Alheios à nossa espera, que já parecia durar uma eternidade, passavam apressados, descompromissados, gente que parecia estar passeando, mesmo sendo uma segunda-feira, antes das nove horas da manhã. E passa cachorro, levando e sendo levado, passa mulher carregando criança, passam senhoras carregando sacolas, passa quem não tem mais pressa de passar. Passam pra lá e pra cá. Passam carros, mãos trêmulas em volantes de auto-escola, e até ônibus. Só não passa ‘o Bombeiros’.

O tempo, esse também passa, apesar de não parecer. E haja tanta música nos ouvidos para se distrair. Cada um com seus fones, todos juntos, mas cada um com a sua música. Sinfonia particular. Passa segundo, minuto, e o time dos passageiros vai aumentando. Chega mais moça nova. Futura arquiteta. Pelo menos é o que indica sua bolsa com as inscrições do curso. Chega homem de blazer bege, óculos de grau e mala de viagem na mão. Acho que é professor. Acho que não. Acho que pode estar aproveitando o fato do ônibus que está por vir passar nas proximidades da rodoviária.

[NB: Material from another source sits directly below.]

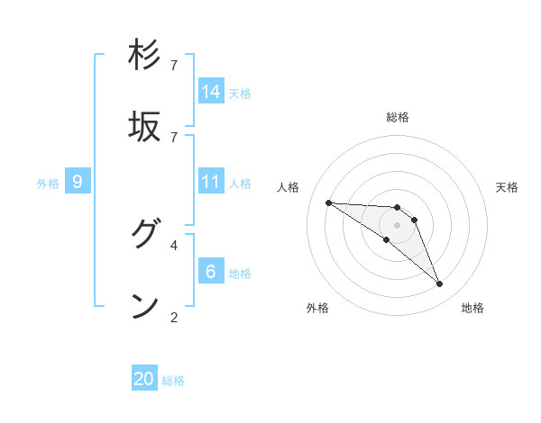 杉坂 グンさんの総格は20画の1点!
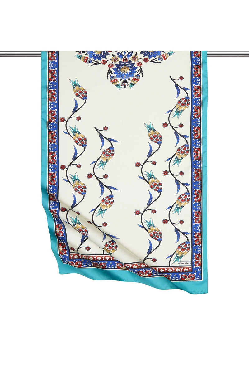 The "Saks Yeşil Sıra Lale Desen Geniş İpeksi Fular" is a scarf featuring tulip patterns in vibrant colors on silky rayon fabric. It measures 55×160 cm and is made in Bursa, Turkey.

E a parada de ônibus vai ficando lotada. E a paciência se esgotando, ainda que esteja cada vez mais próximo o horário do ônibus chegar. Chegam os eufóricos, assim por estarem chegando a tempo, diferente de mim. Quinze minutos aguardando. Mais de meia hora atrasada. Chegam e já vão se posicionando estrategicamente. Segunda parada depois do terminal, sabe como é, às vezes o ônibus já chega com poucos bancos disponíveis.

09h10. Atrasados ou não, o desejo de todos é o mesmo, que o ônibus venha de uma vez. Ainda chegam mais alguns, no limite de pegar ou perder a condução. Estudante apressada chega ainda terminando o café da manhã que vinha comendo no caminho. Despede-se da amiga que, pelas vestes, iria praticar algum esporte, enquanto nós estivéssemos, finalmente, dentro do ônibus. Um último pedaço da bolacha água e sal, e conseguiu fazer sua refeição matinal.

Na beirada da calçada, chega e logo já se empossa, um senhor. Ágil, inquieto. Mesmo com uma semana passada das eleições municipais, trazia, fixado por um clips, o ‘santinho’ de seu candidato no bolso da camisa. Camisa social. E anda para lá e para cá, sacola na mão, já impaciente com o tal ônibus que não vem.

Foto de Natascha Carvalho.

Bastou a cor laranja apontar na esquina da Duque de Caxias para que todos nós, como quem adentra num show, nos posicionássemos no meio fio, esperando aquele ser o melhor lugar, o que o motorista irá escolher para estacionar, e assim, subirmos logo no ônibus. Entra rapaz, moça, atrasado e prevenido, universitário, aposentado e viajante. Dei sorte. Consegui um dos poucos bancos desocupados.

Hoje é segunda. 09h14 passou ‘o Bombeiros’ na Presidente. E passa desde as seis e pouco da manhã. Todo dia pegam o ônibus, viajantes, aposentados, universitários, prevenidos e atrasados, moças e rapazes. E mais, entra gente. Gente que vai todo dia para Universidade Federal de Santa Maria. E ainda tem motorista e cobrador. E entram livros, cadernos, e sono. E desejos, esperança, e disposição. Acima de tudo entram os sonhos, que vão sendo realizados, pouco a pouco, através desse trajeto diário até a Universidade.

BOMBEIROS 09h13, pelo viés de Natascha Carvalho*

*Natascha é acadêmica do 6º semestre de Comunicação Social – Jornalismo na UFSM. A crônica Bombeiros 09h13 venceu o 6º Concurso de Crônicas da UFSM de 2012 na categoria acadêmica.